**Activity**
Return only the lines running from the one that contains "Tally Weijl majica" through the end of the entries, exactly, both ends included. Omit pictures.

**Provided records**
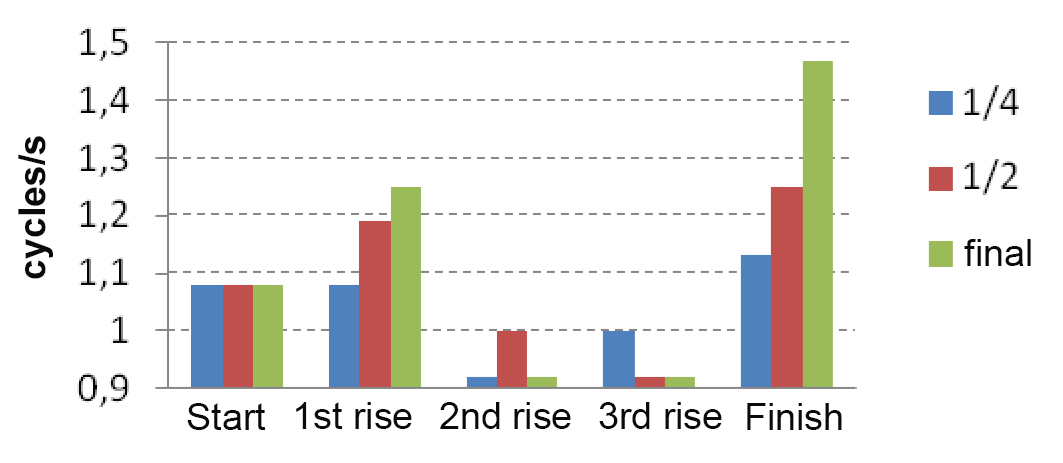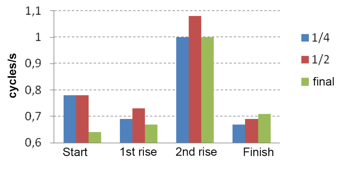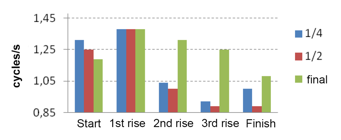 Figure 9. Movement frequency rates (cycles per second) on distance in the OG-2014 women’s skiing final (M. Falla, OG-2014 champion)
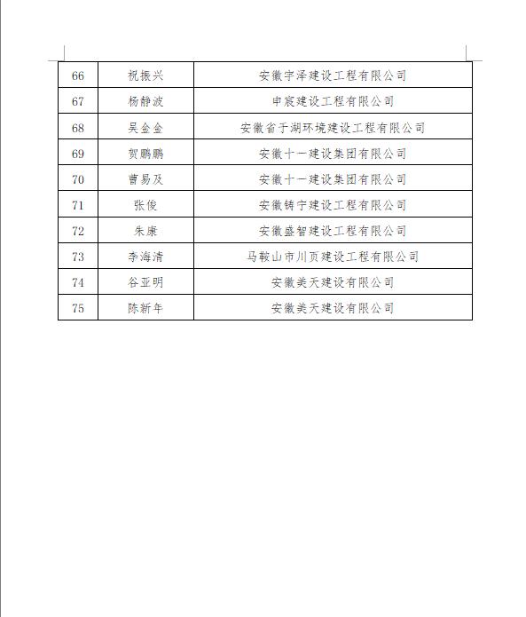 根据《关于开展2025年度马鞍山市建筑企业优秀项目经理(建造师)评价工作的通知》(建协〔2025〕11号)要求,经企业自愿申报、资格初审,并于2025年11月28日经2025年度马鞍山市建筑业企业优秀项目经理(建造师)评价委员会审议通过,确定鲁德建等75名同志为2025年度马鞍山市建筑业企业优秀项目经理(建造师),并于2025年12月2日至12月8日进行了公示。公示无异议,现将评价结果予以正式公布。
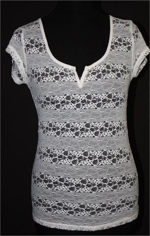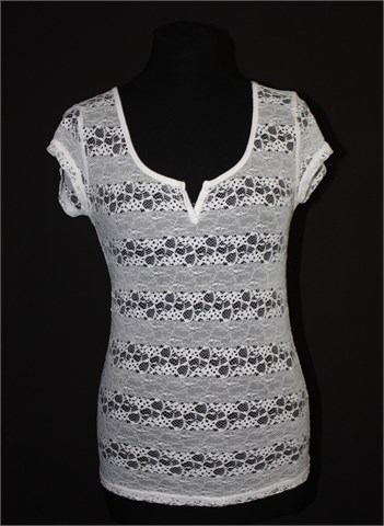 Tally Weijl majica sa kratkim rukavima prljavo bijele boje, materijal je imitacija rastezljive čipke (rastezljivi til sa uzorkom čipke). Tanka, providna i vrlo rastezljiva.
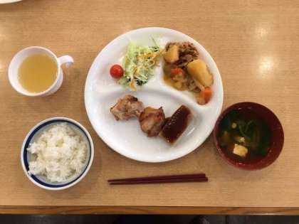 メニューは「ご飯、鶏の照り焼き、肉じゃが、わかめサラダ、豆腐と青菜のみそ汁、こんにゃく、ミニトマト、リンゴジュース」プラス「マスの塩焼き」でした。美味しかったです。
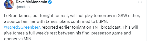 美记Jared Greenberg表示:正如我在TNT报道的那样,詹姆斯的季前赛已经结束了;他今晚不会上场,明天也不会出战对阵勇士的比赛。湖人正在打持久战,以确保詹姆斯为下周三进行的生涯第22个赛季的揭幕战做好充分准备。
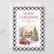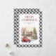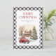 Tarjeta de Navidad Black White Plaid Red Truck Mer
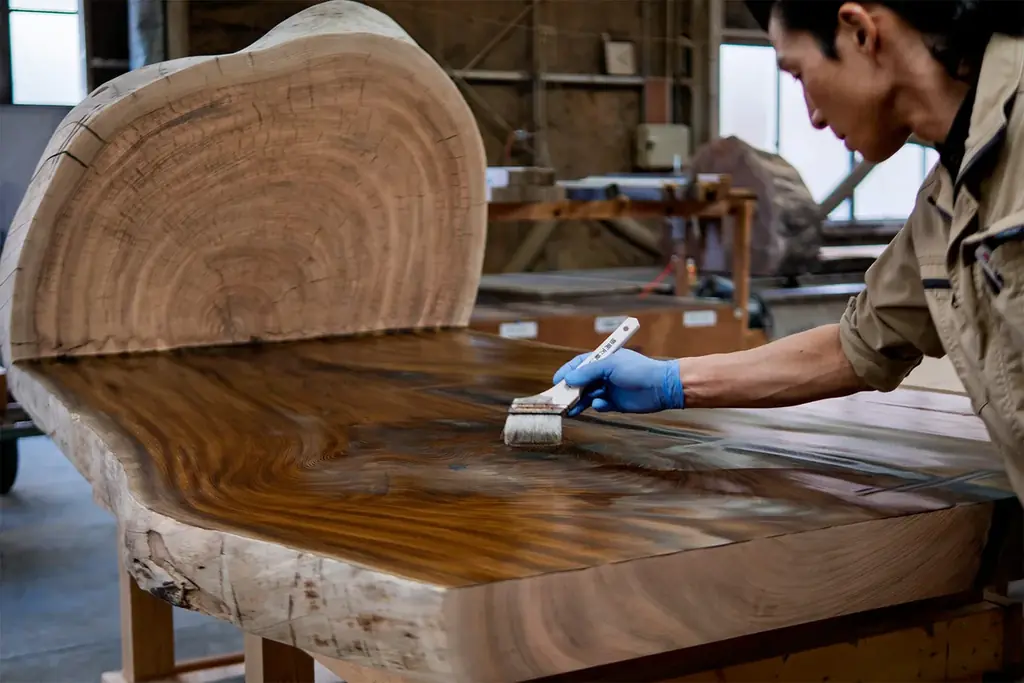 木材は多孔質であり、温度や湿度の変化で膨張・収縮を繰り返す“動く素材”であるのに対し、漆は硬化後に動かない性質を持つ。これまで木製家具に金継ぎを施すことは技術的ハードルが高いとされてきた。本作は岡崎製材の長年にわたる木材加工技術と、漆との親和性を考慮した素材選定・構造設計により、これらの課題に取り組んでいる。

**Answer space**
 Tally Weijl majica sa kratkim rukavima prljavo bijele boje, materijal je imitacija rastezljive čipke (rastezljivi til sa uzorkom čipke). Tanka, providna i vrlo rastezljiva.
 メニューは「ご飯、鶏の照り焼き、肉じゃが、わかめサラダ、豆腐と青菜のみそ汁、こんにゃく、ミニトマト、リンゴジュース」プラス「マスの塩焼き」でした。美味しかったです。
 美记Jared Greenberg表示:正如我在TNT报道的那样,詹姆斯的季前赛已经结束了;他今晚不会上场,明天也不会出战对阵勇士的比赛。湖人正在打持久战,以确保詹姆斯为下周三进行的生涯第22个赛季的揭幕战做好充分准备。
 Tarjeta de Navidad Black White Plaid Red Truck Mer
 木材は多孔質であり、温度や湿度の変化で膨張・収縮を繰り返す“動く素材”であるのに対し、漆は硬化後に動かない性質を持つ。これまで木製家具に金継ぎを施すことは技術的ハードルが高いとされてきた。本作は岡崎製材の長年にわたる木材加工技術と、漆との親和性を考慮した素材選定・構造設計により、これらの課題に取り組んでいる。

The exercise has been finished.